Longing for Solaris and SPARC

At this point I was longing for my Sun Blade 150 that I owned while living in Tokyo.  It was an old machine too, and Ultrasparc III with just 512 MB of RAM and a DVD-ROM drive.  However, that machine was slick.  Installing Solaris 10 was a breeze, and everything just worked out of the box.  As with Apple products, when the hardware and software are controlled by one company, things just work…at a price though!  I thought briefly about the idea of Solaris x86, but quickly decided that was not a good idea.

Back to FreeBSD

So it was back to FreeBSD after  many years away from it.  I downloaded the single CD for the install, and though slightly simplified, the install screen looks just as it did back in the year 2000 when I first installed FreeBSD on this same machine.  Back in 2000, the machine had a powered by Windows NT sticker which I covered up with a FreeBSD sticker.  How ironic that this same machine was running FreeBSD again.  I installed the kernel developer base, and running have a very learn machine with no GUI yet, but wireless networking, vim 7, and gcc 4.6, all installed over the wire.  FreeBSD just works.

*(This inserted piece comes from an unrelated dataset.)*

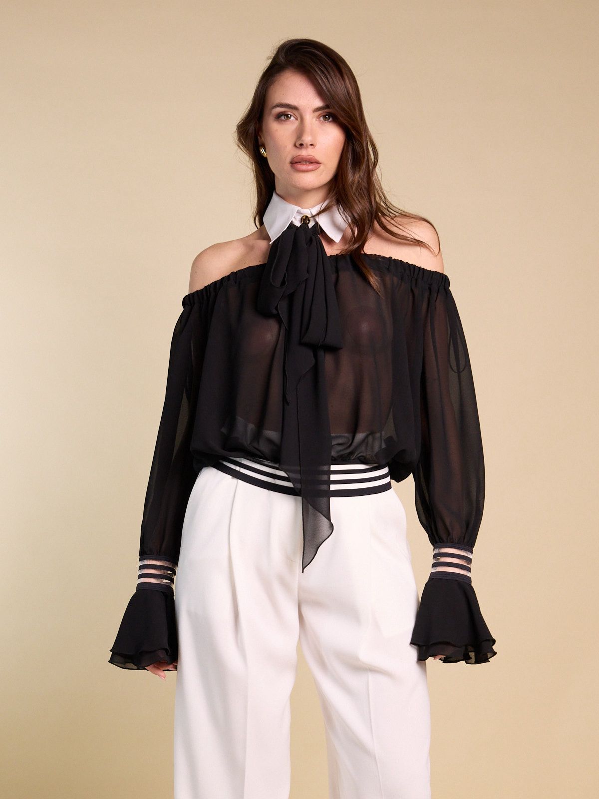 CAMICIA CROP INSERTI TRASPARENTI SCOLLO A BARCA CON COLLETTO E FUSCIACCA

I really just need to buy a modern PC.  I still want to muck around with the Linux kernel, but I don’t want to spend days configuring the machine with no network connection.  I have built embedded computer systems, bringing up these systems from nothing, writing the firmware for the processors and FPGAs, and making them fully functional products.  Yet I have never built my own PC from parts…perhaps it is time for me to give that a try?  Somehow that seems more daunting to me than building systems with microcontrollers and FPGAs.  It shouldn’t be though, I just have to carefully select the parts.  So the Linux kernel stuff can wait until I have figured my PC build.

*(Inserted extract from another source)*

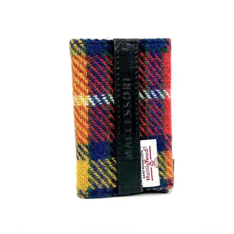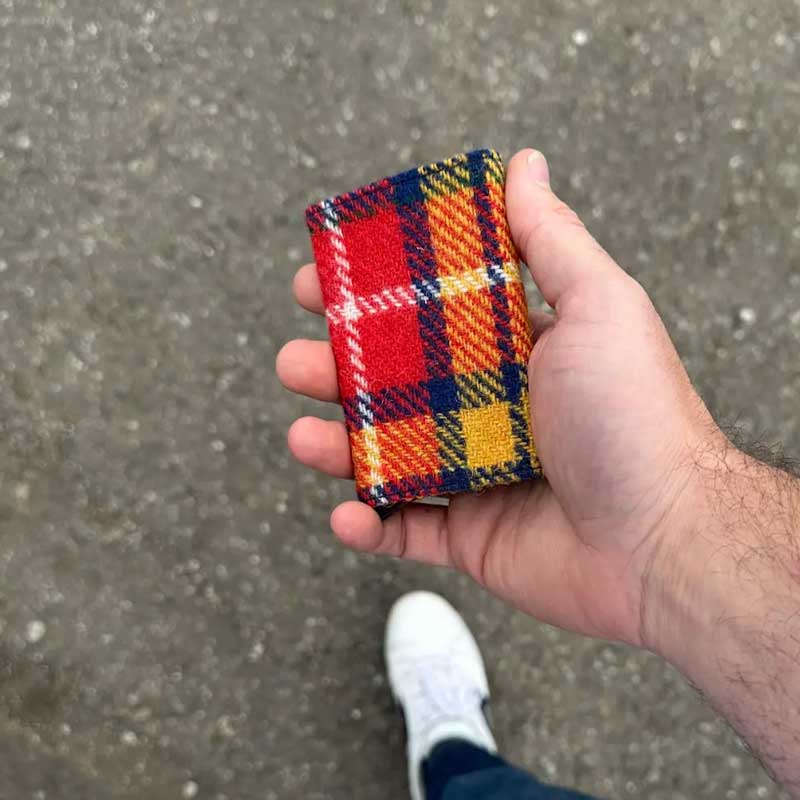 Onze Harris Tweed pop-up kaarthouder spreidt uw pasjes uit met één druk op de knop en beschermt ze tegen RFID-skimming dankzij de aluminium behuizing.

With this old PC, I will let it run FreeBSD happily.  I’ve never custom complied my own FreeBSD kernel, and that is one of the projects I have planned.  Perhaps I can try to run my own DNS server so that I can connect to my MacBook by CNAME rather than IP address?  I’m sure more ideas will come out over the coming days.

Fixing a botched /etc/rc.conf file

In an effort to get my wireless NIC working, I added a line to /etc/rc.conf and decided to reboot the system. On start-up, however, the system reported a syntax error and presented me with the option to fix it.

/usr was not mounted, so I was unable to edit the file with vi. I tried using /bin/ed to edit the file, but the system reported that the system was read-only. I was not sure what to do, but luckily the FreeBSD team has splendid documentation and FAQs.

As the FAQ states, one has to mount the root file system as read/write in order to modify any of the files. I rebooted and when presented with the syntax error, escaped to the shell. I then proceeded to mount the root file system with write access:

mount -urw /
mount -a -t ufs    # for vi

After making the changes, I did a quick reboot and sure enough the problem was fixed.